**YOUR TASK:** Return the run of lines below that opens with the line containing "2月15日上午记者赶到现场,看到此处的垃" and closes with the line containing "Hành vi xanh", keeping each one exact.

**RECORDS FOR THIS TASK:**
-------------------------
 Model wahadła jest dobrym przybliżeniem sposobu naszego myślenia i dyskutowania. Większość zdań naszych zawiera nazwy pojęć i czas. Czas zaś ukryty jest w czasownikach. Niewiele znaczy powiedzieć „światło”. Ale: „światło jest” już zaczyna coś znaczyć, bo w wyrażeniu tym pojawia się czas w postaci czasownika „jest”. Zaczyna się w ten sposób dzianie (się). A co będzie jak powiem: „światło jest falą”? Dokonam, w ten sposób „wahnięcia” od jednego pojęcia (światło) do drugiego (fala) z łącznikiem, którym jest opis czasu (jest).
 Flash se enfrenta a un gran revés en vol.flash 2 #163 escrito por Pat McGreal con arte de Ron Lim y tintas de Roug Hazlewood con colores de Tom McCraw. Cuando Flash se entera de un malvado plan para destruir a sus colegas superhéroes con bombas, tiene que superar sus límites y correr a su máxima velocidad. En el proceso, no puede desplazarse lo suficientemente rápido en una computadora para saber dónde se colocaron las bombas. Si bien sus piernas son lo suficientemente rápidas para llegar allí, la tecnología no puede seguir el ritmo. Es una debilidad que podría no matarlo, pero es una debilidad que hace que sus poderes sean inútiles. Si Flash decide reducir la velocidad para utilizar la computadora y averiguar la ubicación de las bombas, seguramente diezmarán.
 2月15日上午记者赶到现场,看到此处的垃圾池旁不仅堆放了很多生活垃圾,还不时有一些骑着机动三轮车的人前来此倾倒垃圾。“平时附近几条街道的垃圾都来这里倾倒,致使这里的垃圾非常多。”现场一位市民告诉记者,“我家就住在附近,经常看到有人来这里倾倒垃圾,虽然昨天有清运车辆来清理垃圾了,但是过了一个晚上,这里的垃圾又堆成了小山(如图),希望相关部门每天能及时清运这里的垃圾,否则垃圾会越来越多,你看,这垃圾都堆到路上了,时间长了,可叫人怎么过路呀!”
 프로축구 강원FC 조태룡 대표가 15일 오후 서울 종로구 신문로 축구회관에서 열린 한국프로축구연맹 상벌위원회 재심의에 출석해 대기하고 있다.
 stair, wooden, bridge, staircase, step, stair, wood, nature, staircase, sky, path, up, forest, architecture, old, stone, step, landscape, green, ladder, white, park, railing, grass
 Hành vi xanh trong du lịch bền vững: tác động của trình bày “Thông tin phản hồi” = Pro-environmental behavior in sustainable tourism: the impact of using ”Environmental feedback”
-------------------------
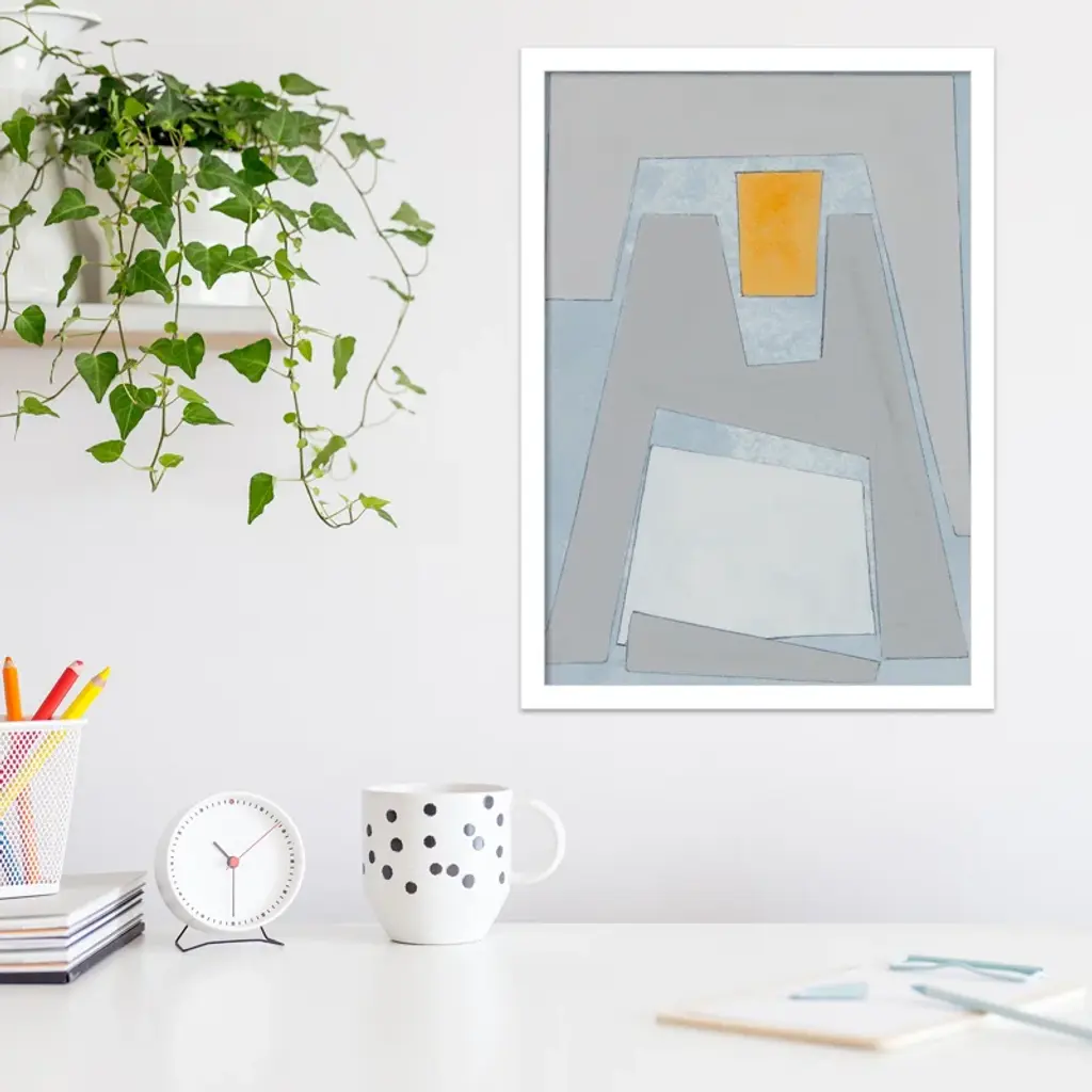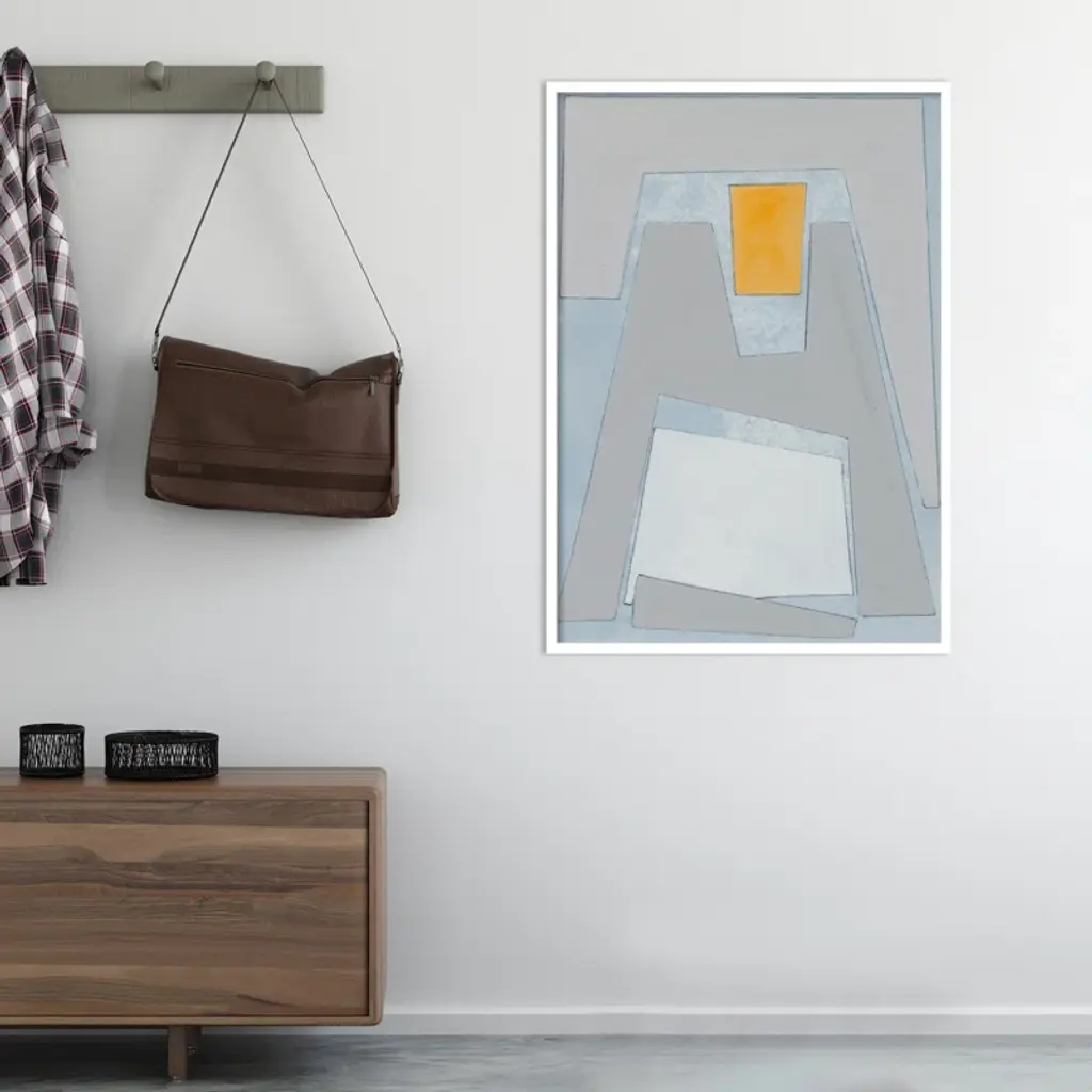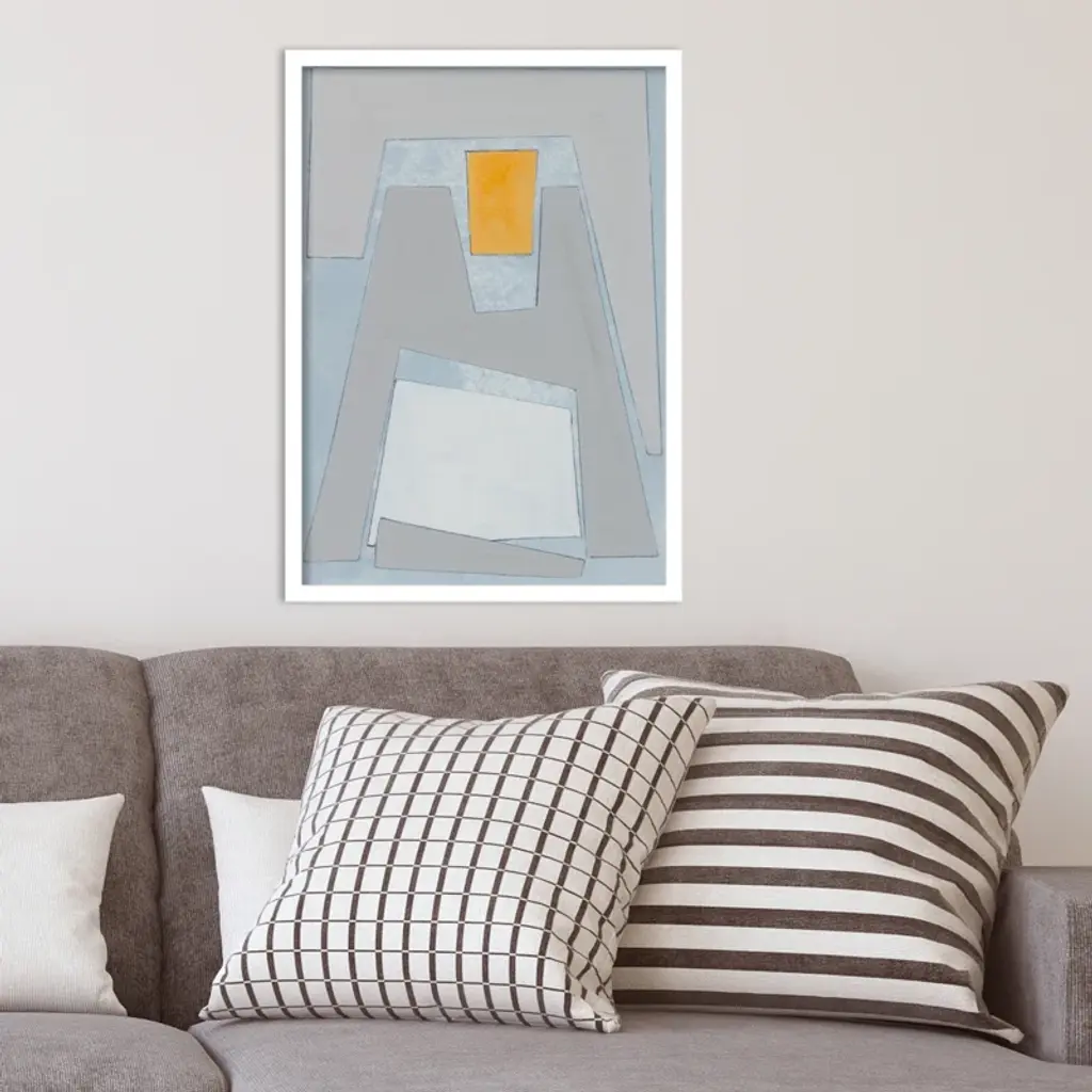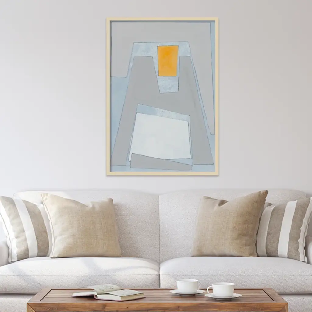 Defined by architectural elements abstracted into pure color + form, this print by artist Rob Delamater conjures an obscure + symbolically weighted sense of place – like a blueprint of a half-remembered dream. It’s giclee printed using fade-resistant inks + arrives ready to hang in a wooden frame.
-------------------------
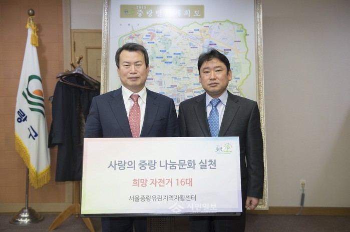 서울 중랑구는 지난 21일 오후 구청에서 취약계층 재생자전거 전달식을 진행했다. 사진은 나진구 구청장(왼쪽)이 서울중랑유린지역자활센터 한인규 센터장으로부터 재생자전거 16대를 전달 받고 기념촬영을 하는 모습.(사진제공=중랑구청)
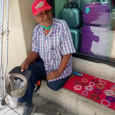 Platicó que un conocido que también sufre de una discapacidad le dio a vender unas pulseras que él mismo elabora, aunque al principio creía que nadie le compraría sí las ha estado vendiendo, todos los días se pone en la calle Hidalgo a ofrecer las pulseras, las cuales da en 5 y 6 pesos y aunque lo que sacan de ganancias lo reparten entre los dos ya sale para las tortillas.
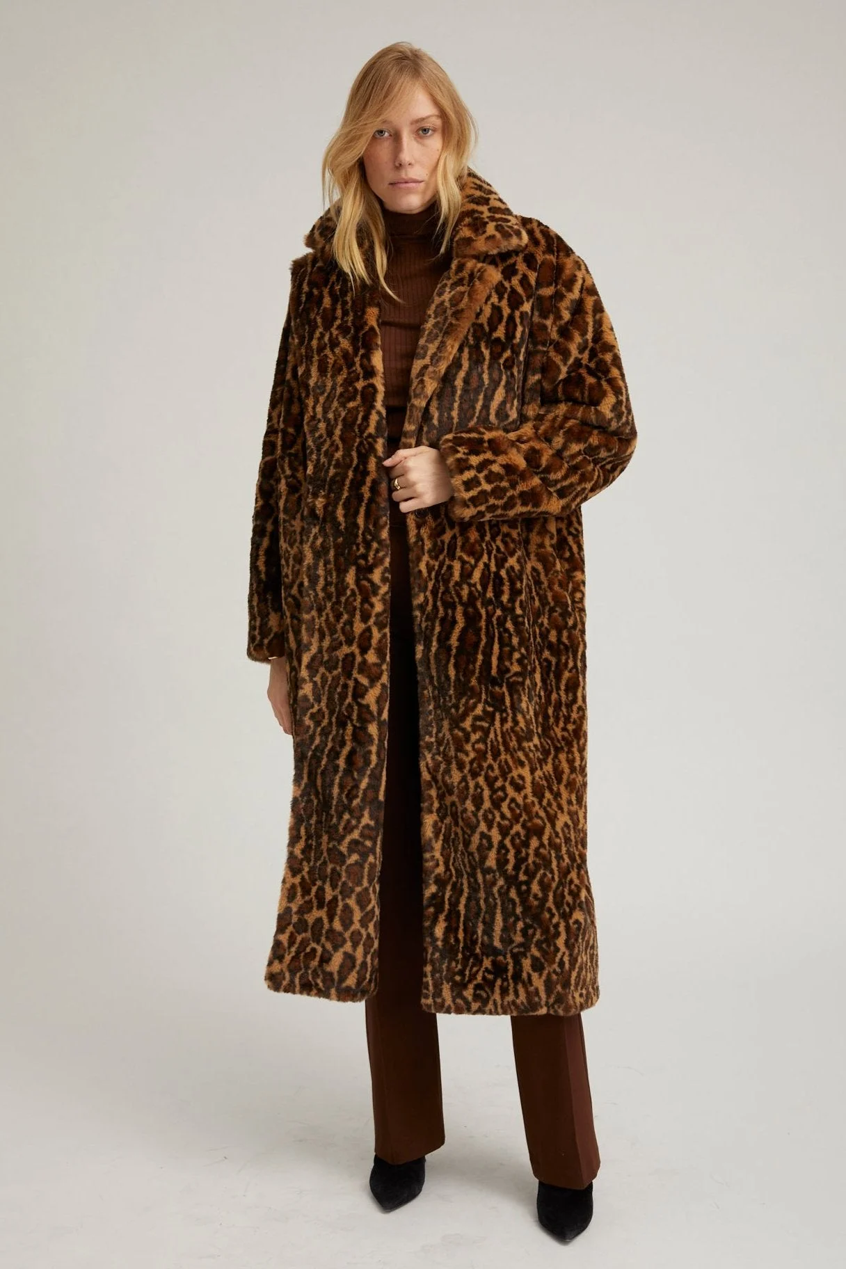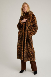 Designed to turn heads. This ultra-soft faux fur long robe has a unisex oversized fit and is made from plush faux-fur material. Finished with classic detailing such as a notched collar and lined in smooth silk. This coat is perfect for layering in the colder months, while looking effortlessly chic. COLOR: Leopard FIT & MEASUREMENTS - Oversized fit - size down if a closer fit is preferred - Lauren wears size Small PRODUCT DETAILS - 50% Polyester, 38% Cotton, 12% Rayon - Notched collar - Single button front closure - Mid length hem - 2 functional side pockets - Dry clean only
-------------------------
**FINISHED EXERCISE:**
 2月15日上午记者赶到现场,看到此处的垃圾池旁不仅堆放了很多生活垃圾,还不时有一些骑着机动三轮车的人前来此倾倒垃圾。“平时附近几条街道的垃圾都来这里倾倒,致使这里的垃圾非常多。”现场一位市民告诉记者,“我家就住在附近,经常看到有人来这里倾倒垃圾,虽然昨天有清运车辆来清理垃圾了,但是过了一个晚上,这里的垃圾又堆成了小山(如图),希望相关部门每天能及时清运这里的垃圾,否则垃圾会越来越多,你看,这垃圾都堆到路上了,时间长了,可叫人怎么过路呀!”
 프로축구 강원FC 조태룡 대표가 15일 오후 서울 종로구 신문로 축구회관에서 열린 한국프로축구연맹 상벌위원회 재심의에 출석해 대기하고 있다.
 stair, wooden, bridge, staircase, step, stair, wood, nature, staircase, sky, path, up, forest, architecture, old, stone, step, landscape, green, ladder, white, park, railing, grass
 Hành vi xanh trong du lịch bền vững: tác động của trình bày “Thông tin phản hồi” = Pro-environmental behavior in sustainable tourism: the impact of using ”Environmental feedback”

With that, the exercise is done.